Bubbletight, LLC, assignee of the present application, manufactures tools and balls using a degradable composite metal. The degradable composite metal has exceptional strength characteristics and is useful in a variety of applications. However, it requires a high chloride solution or an acidic solution to degrade in a reasonable time period and it is relatively expensive.

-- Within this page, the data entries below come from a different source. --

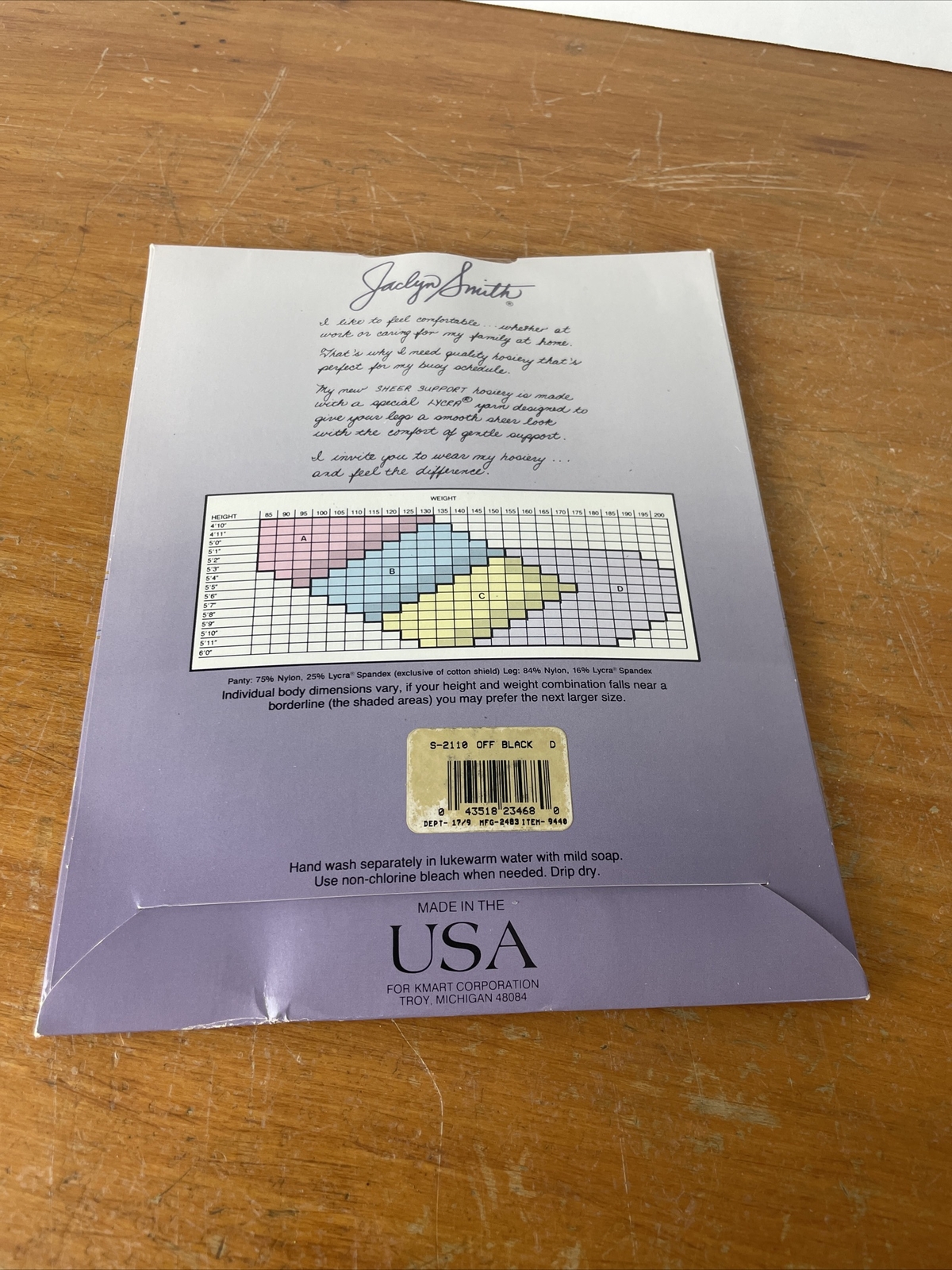 Vintage Jaclyn Smith Light Support Lycra Silky Sheer Pantyhose Size D Off Black
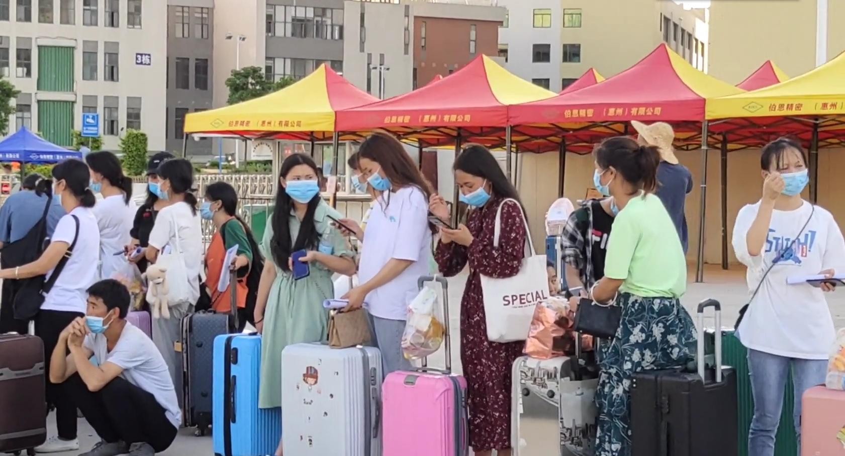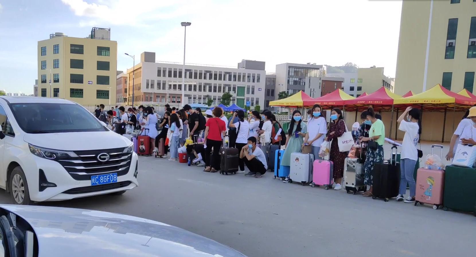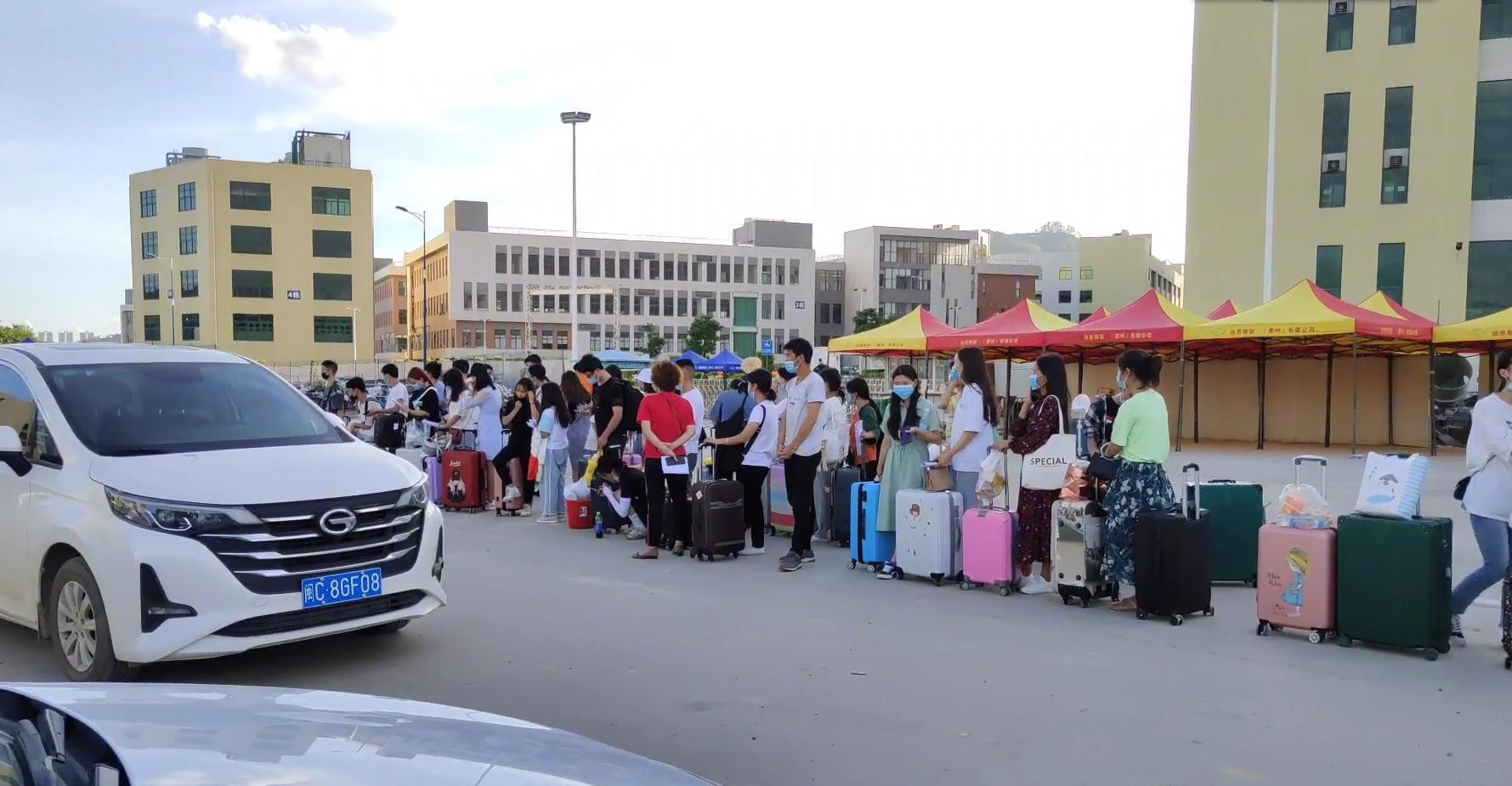 厂门口大部分都是从深圳,东莞两地来工作的年轻人,大部分都是中介统一招工,统一安排车辆送过来,等正式办完入职手续,上班稳定中介就可以抽取自己的佣金。
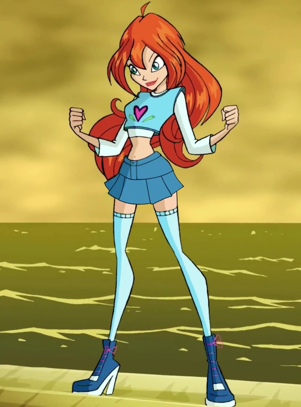 - En la 2ª y 3ª Temporada, lleva una camisa a rayas azules y blancas con pequeños corazones de color rosa, una minifalda vaquera, con calcetines azules por arriba de la rodilla y botas de tacón alto con encajes de color azul. A veces lleva una camiseta con un solo corazón en él.
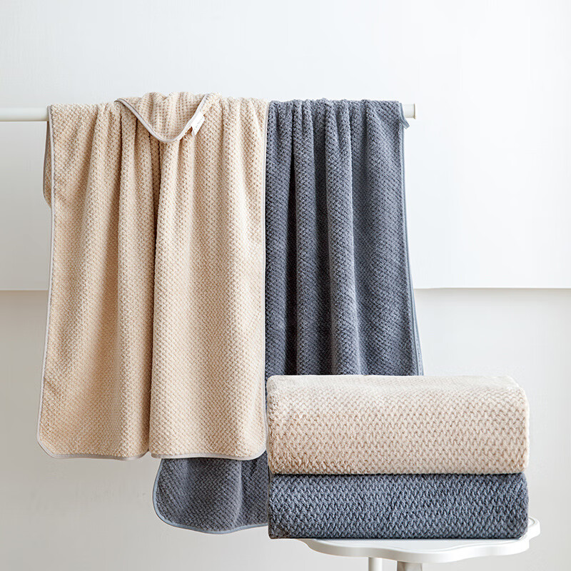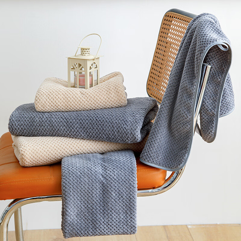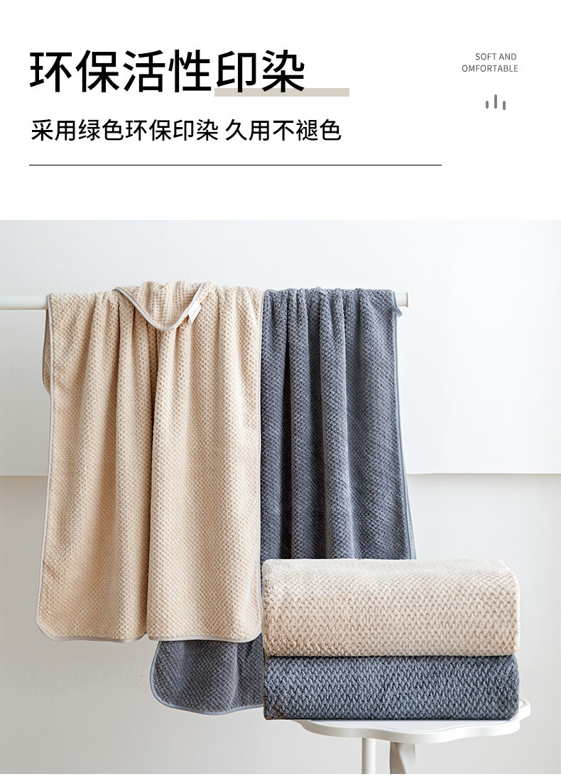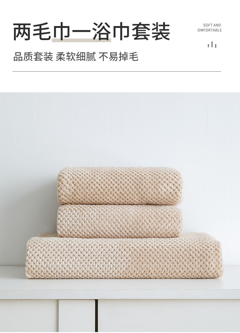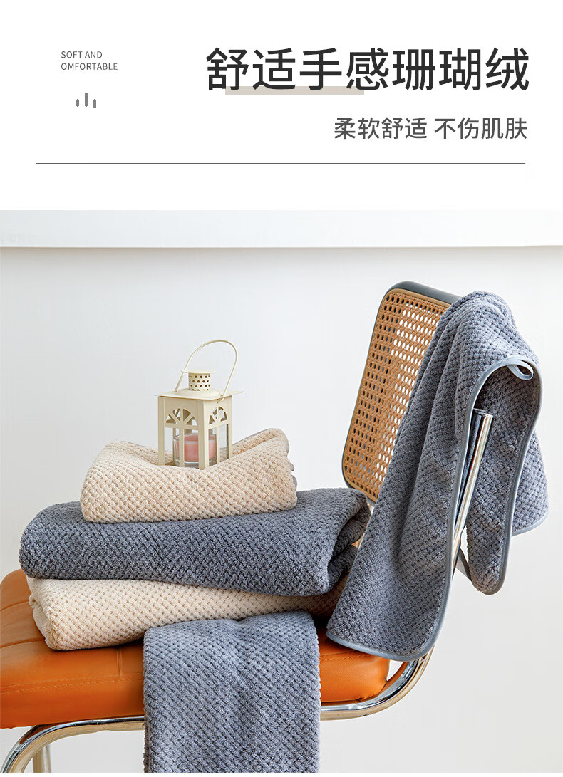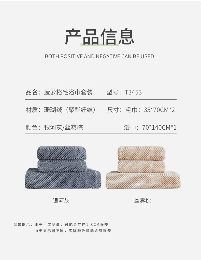 材质 :珊瑚绒(聚酯纤维) 规格:毛巾:35*70cm*2 浴巾:70*140cm*1 货号:T3453 颜色: 银河灰/丝雾棕 包装: 手提礼盒 包装尺寸: 34.5*8*20.5cm 箱 规: 20盒 /箱
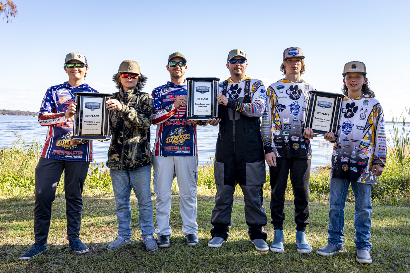 Kaysen Smith and Jonah Osment from Crescent High School and Fisher Arnold and Jackson Caudill from Lakeland Junior Hawg Hunters tie at the 2025 Bassmaster Junior Series at Harris Chain with 10 pounds, 15 ounces.

Polymers have also been utilized to manufacture degradable downhole tools and components. One notable degradable polymer that has been utilized for tools and balls is polyglycolic acid (PGA). While PGA has reasonable strength and is less expensive than degradable metal balls, it requires high temperatures (>180° F.) to degrade and even under those conditions it degrades slowly. Polylactic acid (PLA) has also been suggested for use in downhole tools. However, PLA exhibits poor strength and poor degradability and therefore downhole applications have generally been limited to use as a diverter polymer.
While degradable balls and tools have been described in the context of their use in hydraulic fracturing operations, there are also other operations in which degradable downhole tools may be employed. There is therefore a need in the art for degradable downhole tools and components that have desirable strength and degradability properties.